The things we do for law

So there I was, throwing away the plastic bag from the pack of English muffins:

And I noticed this:

What lawyer dreamed that one up? It's almost as if they're just waiting for the FDA to pounce on them. Do they have English muffins that aren't "Health Claim"? Does the label on those say "Noncommittal"? Are there other products, less healthy products that are labeled "You're On Your Own"?

And what next? On the sides of SUVs: "Manliness Claim Vehicle"?

Comments (12)

But then, Tom's toothpaste "is complete" and "helps" reduce tartar.

They should sell an in-complete toothpaste and does not a "toothbrush" and "water" help fight tartar?

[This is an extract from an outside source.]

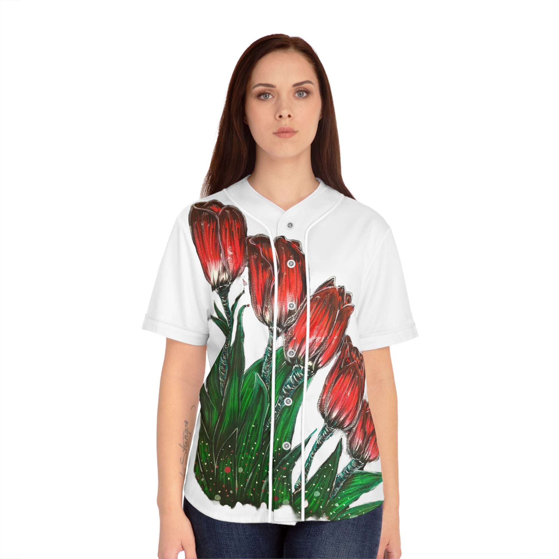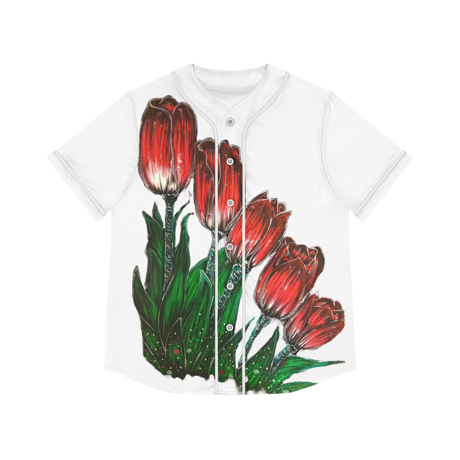 All-over prints make the crowd go wild - add yours now to this women's AOP baseball jersey & create an instant favorite. Featuring a full-button front and a rounded hem, these tees feature moisture-wicking fabric that keeps you cool when it's time to perform. Choose between a white or black trim color and buttons, add your design, and make it uniquely yours.
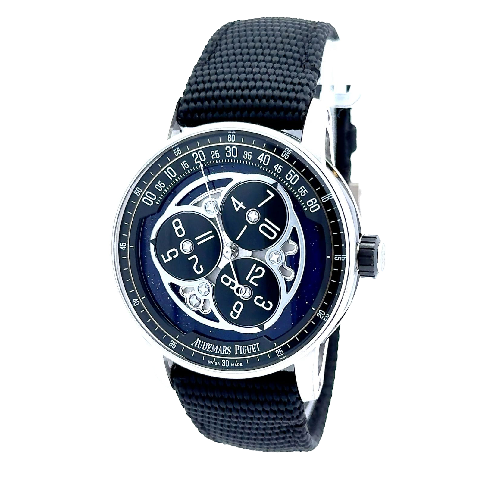 Audemars Piguet Code 11.59 Starwheel Ref. 15212NB.OO.A002KB.01 is a bold and innovative timepiece that reintroduces one of the brand’s most poetic complications , the wandering hours, within the contemporary Code 11.59 collection. Housed in a 41mm case crafted from 18k white gold and black ceramic, this watch exudes a refined yet modern character. The polished white gold bezel, lugs, and caseback contrast elegantly with the black ceramic middle case, highlighting the architectural complexity of the Code 11.59 case structure. Its dial is a mesmerizing blue aventurine glass disc, speckled like a starlit night sky, serving as a fitting backdrop for the watch’s signature feature, three rotating sapphire discs that display the hour numerals. These discs revolve around a central axis, with one hour numeral at a time sweeping along the 60-minute arc at the top of the dial to indicate the current time. This wandering hours mechanism is driven by a specially modified automatic Caliber 4310. The movement offers a power reserve of approximately 70 hours and is beautifully finished, visible through a sapphire crystal caseback. The watch is paired with a textured black rubber-coated strap and a white gold pin buckle

I think consumer researchers would say that it is the full sized pickup that has greater success with manliness claims. SUVs—in purchasing behavior and drivership—generally enjoy higher status among women.

I think Skyview makes a good point. Most of the SUVs you see are driven by tiny women wearing Nike ball-caps. Generally they have (name of town) All-Stars Brett #13 scrawled on the back window and the license frame says "I'd Rather Be Shopping at Nortdstrom".

Bob M -

You left out two important pieces of identifying data -- they are uniformly yakking away on a cell phone and have a bleached blonde pony tail comng out of the back of that Nike cap.

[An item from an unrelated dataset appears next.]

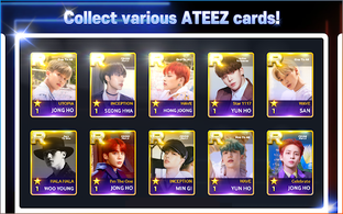 Join SEONGHWA, HONGJOONG, YUNHO, YEOSANG, SAN, MINGI, WOOYOUNG, and JONGHO in SuperStar ATEEZ, with new songs added weekly and various events to compete worldwide.
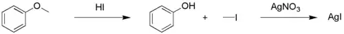 By heating this mixture, the gases are allowed to come into contact with a piece of paper higher up the test tube saturated with silver nitrate. Any alkyl iodide present will give a reaction with the silver compound to silver iodide which has a red or yellow color. By filtering and weighing this precipitate it is possible to quantitatively calculate the number of iodine atoms and hence alkoxy groups. For example, prior to the development of the more precise methods of NMR spectroscopy and mass spectrometry, the Zeisel test was widely used to determine the number of methoxy (-OCH3) and ethoxy (-OCH2CH3) groups in carbohydrate and organophosphorus insecticides.[5]

And they can't drive worth a sh*t.

I grew up with Thomas English muffins. Had 2 this morning for breakfast, in fact. That same dumb label: "The Original Nooks & Crannies" English Muffins. I've certainly never heard them called anything like that before. It says on the bottom that's trademarked and, like the rest of the Thomas logo stuff, "used with permission." Permission? Isn't it their product?

They still taste good.

Actually, some of us are redheads.

(But then again, I only have a small, relatively inexpensive SUV.)

I only have a small, relatively inexpensive SUV

Doesnt matter to the dedicated progressive folk in Portland. An SUV is an SUV. Even if the more reasonably sized ones get the same or better mileage that most minivans.

Don't confuse inventory logistics with Big Brother -- dollars to doughnuts that the name of the bag in the company's inventory system is Health Claim English Muffins 6 Pack, to distinguish it from a bag that does not contain a health claim. It's just an identifier.

Why do they have two bags, and keep track of them separately?

They probably have many more than two bags. There's the Thomas package for places like Wal-Mart and Costco, where they're sold in sets, inside outerwrapper (an additional plastic bag), the Thomas package for individual package sales, the Thomas package for export, probably a very minimally marked package for restaurant and food service sales, not to mention the same bakery likely provides the muffins for "house brand" english muffins (same muffin, different label).

How do they decide which stores get "Health Claim" and which ones get something else?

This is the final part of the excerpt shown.